Enrique extiende una mano.
—Querida, Chapuys nunca te ha reconocido. Pero cuando muera Catalina, y no pueda ya causarnos problemas, me aseguraré de que dobla la rodilla.
—De todos modos yo no creo que deba salir de Londres. Estimula a Catalina en su perversidad y estimula a su hija. —Lanza una mirada hacia él—. Cremuel, estáis de acuerdo, ¿verdad? A María se la debería traer a la corte y se la debería obligar a arrodillarse ante su padre y a pronunciar el juramento, y allí, de rodillas, debería pedir perdón por su traidora obstinación, y reconocer que mi hija, y no ella, es una heredera de Inglaterra.
Él señala los planos.
—¿Estáis construyendo, señor?
Enrique parece un niño cogido con los dedos en la caja del azúcar. Empuja una de las regletas hacia él. Los diseños, novedosos aún para ojos ingleses, son aquellos a los que él se acostumbró en Italia: urnas estriadas y jarrones, con mantos y alas, y las cabezas ciegas de emperadores y de dioses. Últimamente los árboles y flores ingleses, los sinuosos tallos y brotes, se desdeñan en los blasones, en beneficio de guirnaldas, laureles de la victoria, el haz del hacha del lictor, el asta de la lanza. Él ve que Ana prefiere mostrar su estatus rehuyendo la sencillez; desde hace ya más de siete años, Enrique ha estado adaptando su gusto al de ella. A él solían gustarle mucho las uvas de los setos, los frutos del verano inglés, pero ahora los vinos por los que se inclina son pesados, perfumados, adormecedores; y su cuerpo también es pesado, tanto que a veces parece bloquear la luz.

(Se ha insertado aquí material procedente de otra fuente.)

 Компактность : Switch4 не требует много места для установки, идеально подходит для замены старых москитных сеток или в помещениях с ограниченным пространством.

—¿Estáis construyendo desde los cimientos? —inquiere él—. ¿O sólo una capa de ornamentación? Las dos cosas cuestan dinero.

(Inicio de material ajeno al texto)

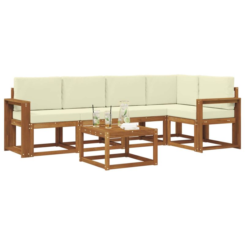 Комплект дивани за открито 6 pcs Натурален и Крема
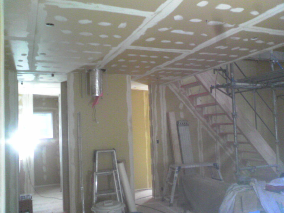 石膏ボードのジョイント・ビスの打ってある部分の下地処理(パテ)を行いクロスを貼っていきます。
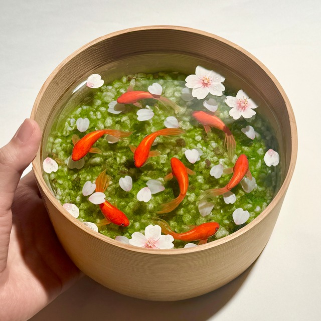 こちらは木桶の中で和金が泳ぐ置物です。 特大サイズですので、置物としての存在感がとてもあります。 【大きさ】 直径約 15.5cm 高さ 約7cm 水底には砂利と苔を敷き、水中で舞う花びらや金魚の立体感も楽しんでいただけるよう、樹脂を何層にも重ねてお作りいたしました。 桜は小さな花びら一枚ずつ、細かな雄しべも一本ずつ、ピンセットを使って造形いたしました。 花びらをよりリアルに再現できるよう、葉脈をつけて根本部分は僅かに彩色を施しております。 花の瑞々しさを表現するため、花びらには水滴を落としました。 当店の金魚は、お顔の可愛らしさにもこだわっております。 おめめは黒目、白目の他に、白目の外側をほのかに縁取って描いております。 (金魚の品種) 和金 8匹
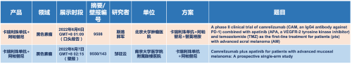 在黑色素瘤领域,k1体育的卡瑞利珠单抗联合阿帕替尼(“双艾”组合)在2022 ASCO共入选1项口头报告和1项壁报展示。

—Qué descortés sois —dice Ana—. El rey está enviándoos un poco de roble para lo que estáis edificando en Hackney. Y un poco para el señor Sadler, para su nueva casa.
Él indica su agradecimiento bajando la cabeza. Pero el pensamiento del rey está en el interior del país, con la mujer que aún proclama ser su esposa.
—¿De qué le vale a Catalina ya seguir viviendo? —pregunta Enrique—. Estoy seguro de que está cansada de tanto enfrentamiento. Yo lo estoy de él, bien sabe Dios. Haría mejor yendo a reunirse con los santos y los mártires.
—Ya han esperado por ella suficiente —dice Ana riéndose, demasiado alto.
—Imagino a la dama muriendo —dice el rey—. Lo hará pronunciando discursos y perdonándome. Siempre está perdonándome. Es ella la que necesita perdón. Por su vientre ponzoñoso. Por envenenar a mis hijos antes de que nacieran.
Él, Cromwell, desvía los ojos hacia Ana. Seguro que si ella tiene algo que decir ahora es el momento…, pero ella se vuelve, se inclina y coge a su podenco
Purkoy
, y se lo coloca en el regazo. Entierra su cara en la piel del animal, y el perrillo, despertado bruscamente de su sueño, gime y se retuerce en sus manos y observa cómo el señor secretario hace una inclinación y se va.
Fuera esperándole, la esposa de George Bolena: su mano confiada arrastrándole a un lado, su cuchicheo. Si alguien le dijese a lady Rochford: «Está lloviendo», ella lo convertiría en una conspiración; cuando pasase la noticia, haría que sonase como algo indecente, improbable, pero tristemente cierto.